Solution to question 3
(a)
- Standard deviation = 0·75mm
- Difference we want to detect = 0·25mm
We assume:
- That pocket depths are normally distributed in both groups
- The standard deviations in both groups are similar
- We set the significance level, α, to 5%. (5% is chosen as being the minimum significance level that is generally accepted.
- We set the power at 80%, this is the minimum significance that is generally acceptable. (It might have been better to use 90% or, preferably, 95% but 80% is would be accepatable to most journals and ethics committees for most studies.)

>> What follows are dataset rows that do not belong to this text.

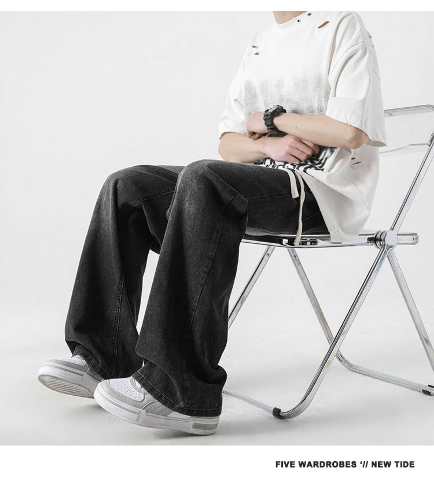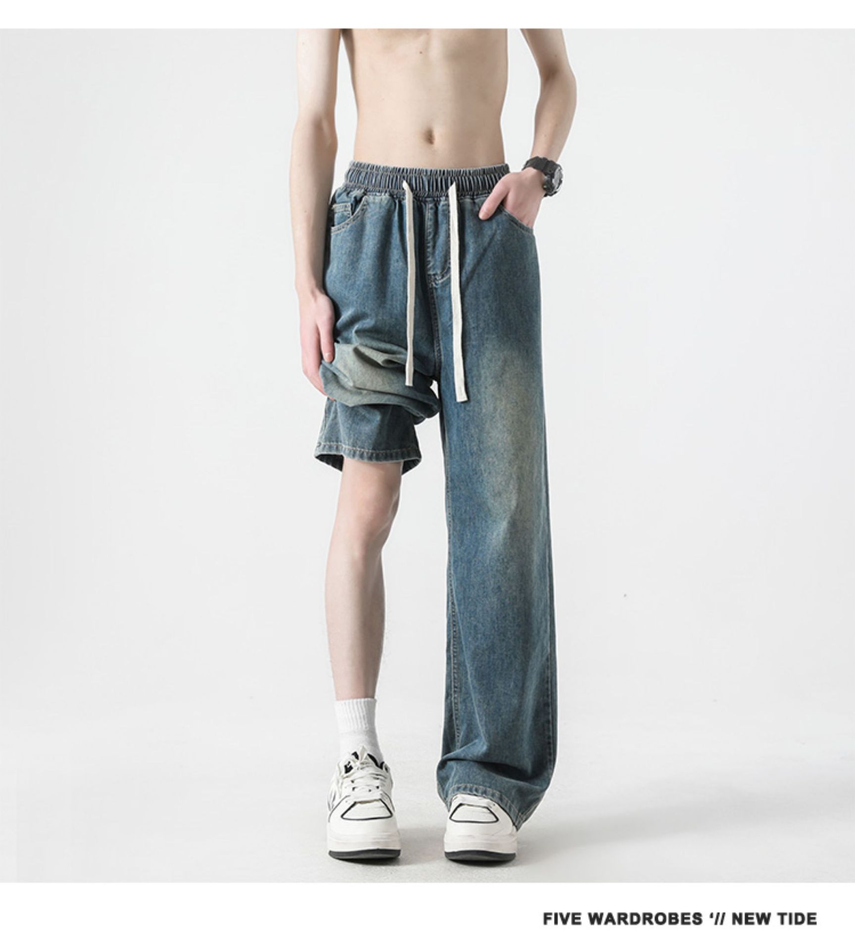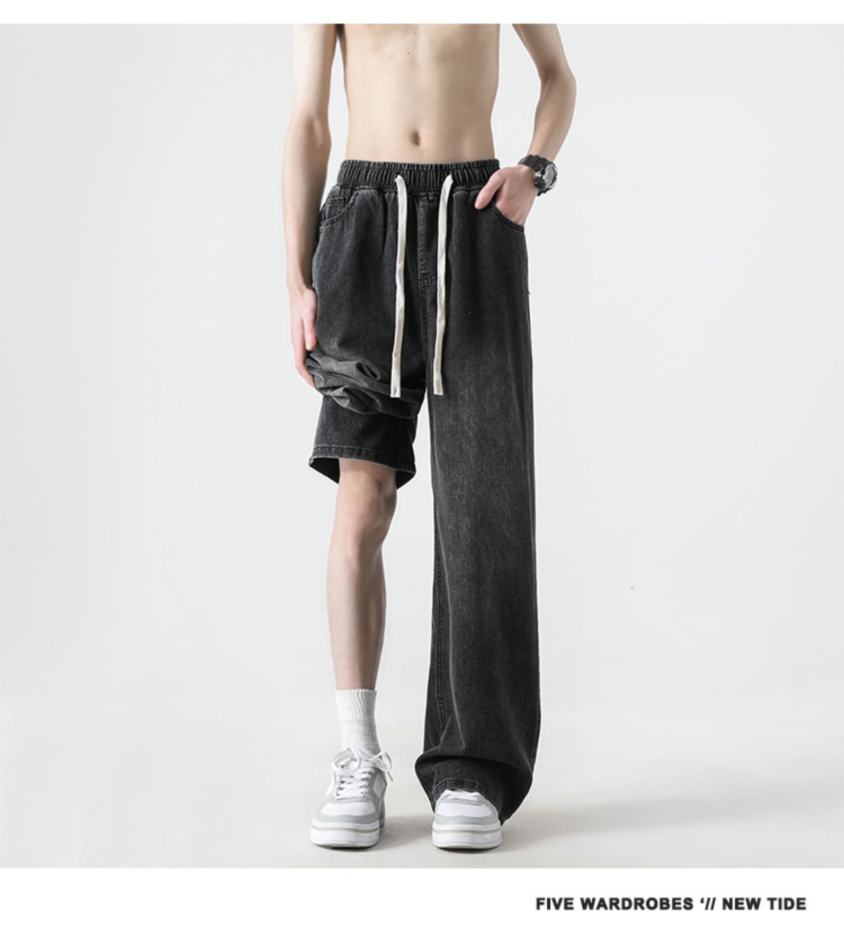 아이스 실크 청바지 남성 여름 얇은 2025 새로운 루즈 스트레이트 팬츠 리오셀 텐셀 드레이프 와이드 레그 팬츠
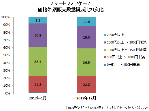 BCNランキングで税別の平均価格帯別シェアをみると、2000円以上の商品のシェアは、2012年1月の8.2%から12月には11.6%に増えている。減少しているのが1500円以上2000円未満の層。1500円未満の層は変化がない。2013年のスマートフォンケース市場は、高価格の「こだわりケース」と、気軽に買える「シンプルケース」の二極化が進むのではないだろうか。(BCN・山下彰子)
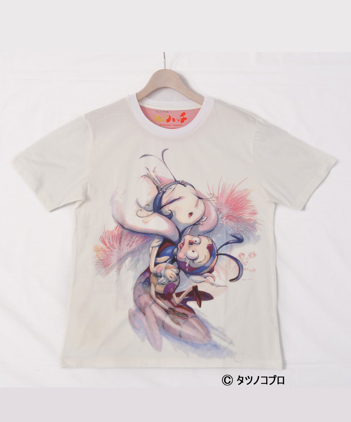 鉛筆画の様なやさしいタッチが特徴的な1枚。背裏(首元の裏)には作品タイトルのロゴがプリントされており、脱いだ時に見える細部もこだわりのポイントです。
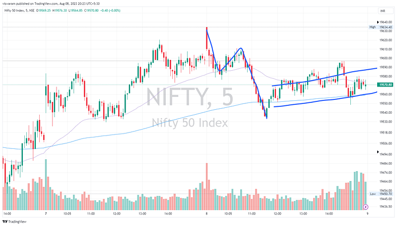Nifty made an interesting opening 2 hour price action today. With a good gap up opening and then a strong rejection at 19640 levels to hit an intraday low of 19533 by 11.35. The selling pressure was strong, but the financial sector did not lend support. NiftyIT was falling — but that got arrested and hence the reversal post 11.35.
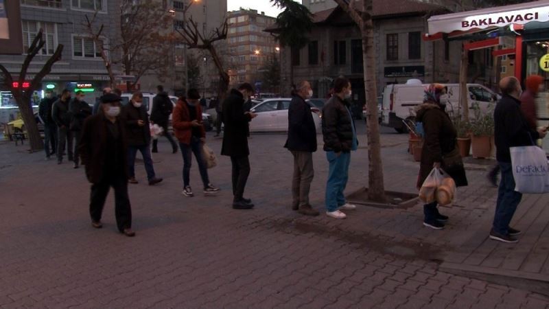 Kısıtlamaya saatler kala vatandaşlar alış veriş sırasında uzun kuyruklar oluşturdu.
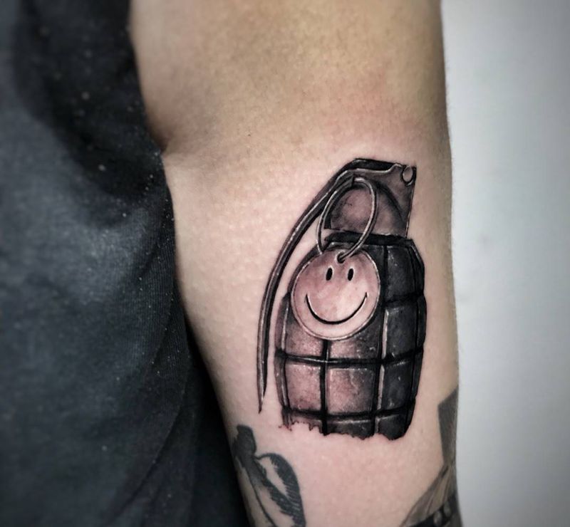 当前位置: 首页 >湖北省武汉市纹身店-纹艺刺刻纹身馆纹身图案>微笑面对纹身图片_手臂手部欧美写实手雷微笑纹身图案
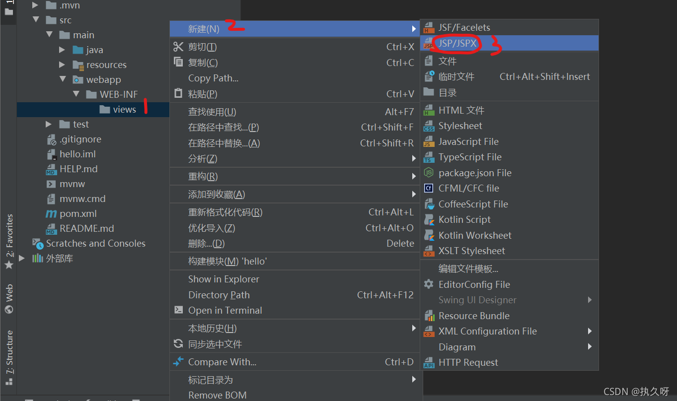 在views下没有我们想要的jsp文件,这说明我们还没有导入依赖,在导入依赖之前
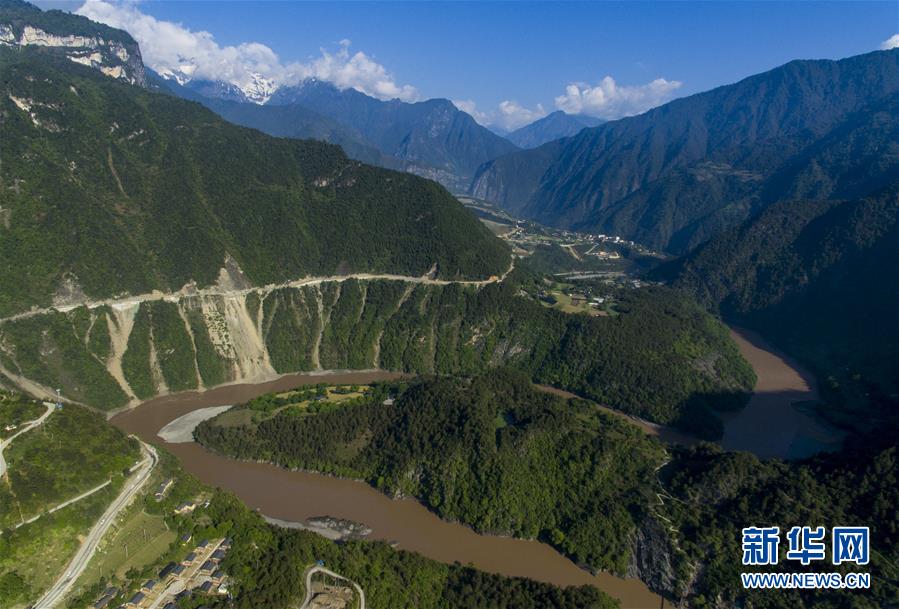 這是無人機拍攝的“長江第一灣”一景(3月17日攝)?!伴L江第一灣”位于云南省麗江市玉龍納西族自治縣石鼓鎮(zhèn),萬里長江從青藏高原奔騰而下,與瀾滄江、怒江一起在橫斷山脈的高山深谷中穿行形成并流的壯麗景觀。金沙江在麗江石鼓鎮(zhèn)突然以急轉(zhuǎn)彎轉(zhuǎn)向東北,形成一個宛若“V”字形的大轉(zhuǎn)彎,得名“長江第一灣”。春日里,“長江第一灣”江水青碧,美景迷人。 新華社記者胡超攝
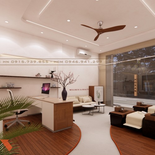 Hiện nay các mô hình spa dưỡng sinh kết hợp giữa y học cổ truyền và thẩm mỹ hiện đại đã trở thành lựa chọn yêu thích của nhiều khách hàng. Nổi bật là mẫu thiết kế spa Hosan được đầu tư bài bản từ hình ảnh mặt tiền đến công năng bên trong. Dự án có diện tích vừa phải nhưng được bố trí khoa học và tận dụng tối đa công năng. Hãy cùng khám phá các hạng mục thiết kế nổi bật bên trong công trình này qua nội dung dưới đây.
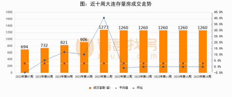 存量房方面,第16周大连存量房成交1260套,较上周持平。从近十周成交走势来看,周均成交套数为1072套,本周高于平均水平17.5%。
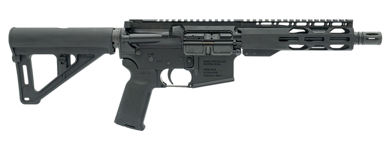 Semi-automatic AR pistol chambered in 5.56 NATO with a 7.5" barrel and 30-round capacity. Features a black anodized aluminum receiver with Picatinny rail, M-LOK handguard, threaded barrel, Magpul pistol grip, and pistol stabilizing brace. Includes one 30-round magazine.

This gives a 'magic number' of 7·8
m = 2 x 0·75 x 0·75 x 7·8 ÷ 0·25 ÷ 0·25
m = 140·1
m = 141 to nearest whole number
Total sample for whole study = 2 x 141 = 282
We would round up this figure to 290 or 300 to be on the safe side. We might also make explicit allowance for dropouts, if we suspect this might happen, by making the sample size even larger. The size of the increase for dropouts would normally depend on our experience with previous similar studies.
(b)
The four main factors affecting sample size are:
- Variability of the samples
- If standard deviation is higher then sample size is bigger
- If the standard deviation of pocket depth had been 1mm then we would have needed more patients
- What difference do we want to detect
- If we need to detect a smaller difference then we need a bigger sample
- If we decided that 0·1mm would be an important clinical difference in pocket depth then we would have needed more patients
- What level of α we chose
- A smaller α requires more subjects
- If we wanted to be more certain of not getting a false positive result above we could have altered the significance level to α = 0·01, this would have given us a bigger sample size
- What power we choose
- A more powerful comparison requires more subjects
- If we wanted to be more certain of detecting any difference which really exists between the groups we could have used a power of 95% rather than 80%
(c)
Pockets on the same person are not independent. Pockets measured on the same person are more likely to be similar to each other than they are to pockets on another person. To some extent we are repeatedly measuring the same quantity when we measure several pockets on the same person. If we measured 10 pockets on each of 30 patients we would, typically, see less variation than if we measured 1 pocket on each of 300 patients.
One way of dealing with this problem would be to take a summary measure for each patient, perhaps the mean pocket depth for each patient, and analyse these summary measurements.
A better, but more difficult, method of analysis would be to take some sort of modelling approach, where we could look at within patient and between patient variability at the same time.